The two patrons knew every line in the play (so did I) and were having the time of their lives repeating them along with the actors. I almost expected the men to get up on stage and do the blocking. The actors, as well as the patrons, were stunned by the interactions of the two guys. They thought Who’s Afraid of Virginia Woolf? was being done in the style of The Rocky Horror Picture Show.

Tickets for this show were not cheap. Some people in the theater were upset, while others found it amusing. I thought it was a hoot, but my date was very turned off (strike one against the handsome man who I brought with me to see one of my favorite plays).

Knowing there would be a lot of discussion about the incident in the dressing room, I went backstage at intermission, dragging my date along with me. The actress playing Martha was a solid performer. She already had a long, successful acting career by that point, but she was quite shaken when she got offstage. She didn’t feel comfortable finishing the play with the two boozing patrons a few feet away from the stage. I knew the guys were probably harmless, but to be fair, Martha probably didn’t. And who needs to perform an Edward Albee play with a couple of parrots?

Back in the lobby, I saw the house manager and stage manager talking to the young guys. The men were obviously boyfriends and explained that they were big fans of the movie Who’s Afraid of Virginia Woolf and watched it on their VCR all the time. They confessed that they had never been to a live play and were quite excited. Yet, they assumed our stage was like a movie theater or a stadium and it was acceptable to drink and talk in the auditorium.

“It’s like the gay Super Bowl,” one of them said with a tipsy slur. “It just wouldn’t feel right to watch George and Martha without liquor.”

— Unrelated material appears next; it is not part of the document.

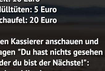 Auf Facebook teilen Vorige Folgende Seil: 10 Euro Mülltüten: 5 Euro Schaufel: 20... Autor des Artikels : istdaslustig Zum Original-Artikel Seil: 10 Euro Mülltüten: 5 Euro Schaufel: 20 Euro Den Kassierer anschauen und sagen "Du hast nichts gesehen oder du bist der Nächste!": Unbezahlbar! Hier geht es zum Artikel Mehr Lustiges auf www.istdaslustig.de Auf Facebook teilen Vorige Folgende Das könnte Ihnen gefallen Mehr

I understood where the guys were coming from: the play is a game of offense and defense and Martha’s quite the quarterback. These two enthusiastic players were just as good as Elizabeth Taylor and Richard Burton.

My date was had a sour look on his face. He pulled me close and whispered to me as the intermission chimes rang, “Why are the characters in this play so mean to each other?” He obviously didn’t get that Albee’s masterpiece was iconic in our gay culture. I got the feeling he was expecting an evening of Neil Simon (strike two against my handsome date).

The super-fans surrendered their beer without incident and were reseated behind us in the back of the theater for the rest of the play. They were told to be quiet or they would be asked to leave. The rest of the performance went off without a hitch, but by curtain call my date had turned white as a ghost.

“Was that supposed to be enjoyable,” he said of the play stark and shrill tone (strike three, Handsome).

Mr. Handsome bailed on me quickly after the show with a timid goodbye kiss. I knew I would never see him again and I didn’t care.

It was good to get back to work the next day …right where I belonged. I caught myself saying Martha’s lines along with the monitor in my office.

“What a dump?’ What’s that from?”

Dennis Milam Bensie is a writer and, for thirty years, has made his living as a dresser in professional theatre all over the United States. Short stories and poetry by Dennis have been featured in numerous publications and his essays have been seen in The Huffington Post, Boys on the Brink, and The Good Men Project. He has three books published by Coffeetown Press. This essay is part of a series for Queen Mob's Teahouse on his experience working backstage.